■ **WORK TASK**: Below this line is a set of entries; quote exactly the lines from the line that contains "1872 Liberty Seated" to the line that contains "2024年2月27日,在江苏", both lines included.

■ **RECORDS FOR PROCESSING**:
════════════════

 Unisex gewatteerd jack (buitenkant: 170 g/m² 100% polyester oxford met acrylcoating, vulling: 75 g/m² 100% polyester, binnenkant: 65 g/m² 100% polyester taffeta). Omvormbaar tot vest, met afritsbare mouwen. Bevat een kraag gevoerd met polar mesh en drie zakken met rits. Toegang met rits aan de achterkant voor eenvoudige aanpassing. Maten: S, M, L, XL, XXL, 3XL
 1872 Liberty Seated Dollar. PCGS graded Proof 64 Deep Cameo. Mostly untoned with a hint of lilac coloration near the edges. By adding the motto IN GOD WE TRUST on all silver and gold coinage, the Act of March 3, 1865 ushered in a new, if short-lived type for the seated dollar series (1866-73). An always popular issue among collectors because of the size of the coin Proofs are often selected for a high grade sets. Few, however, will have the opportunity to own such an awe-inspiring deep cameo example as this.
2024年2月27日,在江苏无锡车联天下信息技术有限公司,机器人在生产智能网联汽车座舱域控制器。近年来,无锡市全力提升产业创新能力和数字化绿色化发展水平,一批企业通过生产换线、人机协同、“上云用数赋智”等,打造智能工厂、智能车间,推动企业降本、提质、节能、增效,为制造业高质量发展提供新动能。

════════════════

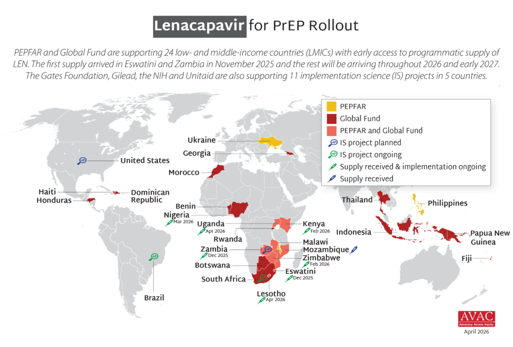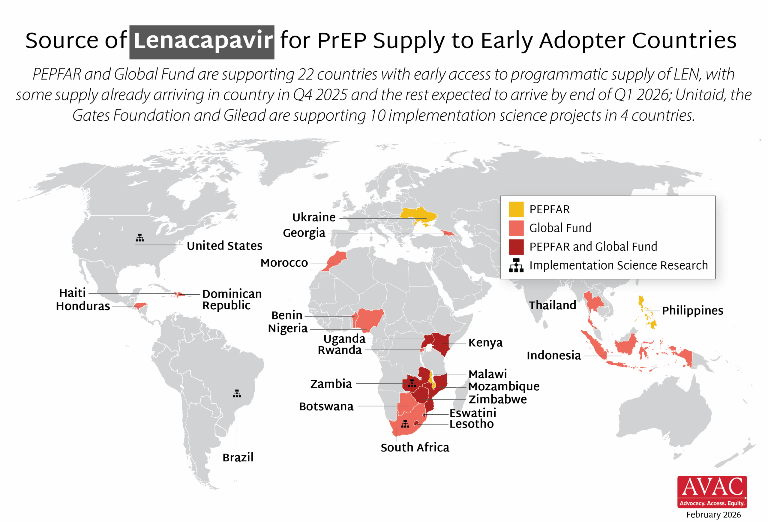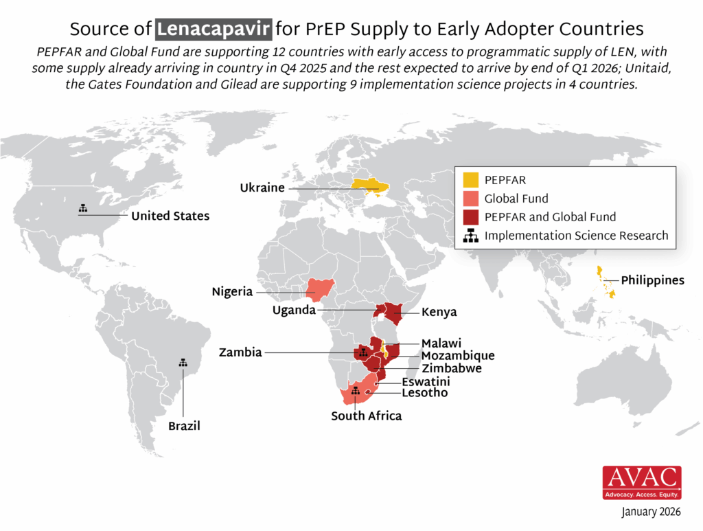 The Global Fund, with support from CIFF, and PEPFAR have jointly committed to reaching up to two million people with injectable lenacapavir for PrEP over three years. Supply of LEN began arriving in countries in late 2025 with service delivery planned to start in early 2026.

════════════════

■ **ANSWER TO THIS PROBLEM**:
 1872 Liberty Seated Dollar. PCGS graded Proof 64 Deep Cameo. Mostly untoned with a hint of lilac coloration near the edges. By adding the motto IN GOD WE TRUST on all silver and gold coinage, the Act of March 3, 1865 ushered in a new, if short-lived type for the seated dollar series (1866-73). An always popular issue among collectors because of the size of the coin Proofs are often selected for a high grade sets. Few, however, will have the opportunity to own such an awe-inspiring deep cameo example as this.
2024年2月27日,在江苏无锡车联天下信息技术有限公司,机器人在生产智能网联汽车座舱域控制器。近年来,无锡市全力提升产业创新能力和数字化绿色化发展水平,一批企业通过生产换线、人机协同、“上云用数赋智”等,打造智能工厂、智能车间,推动企业降本、提质、节能、增效,为制造业高质量发展提供新动能。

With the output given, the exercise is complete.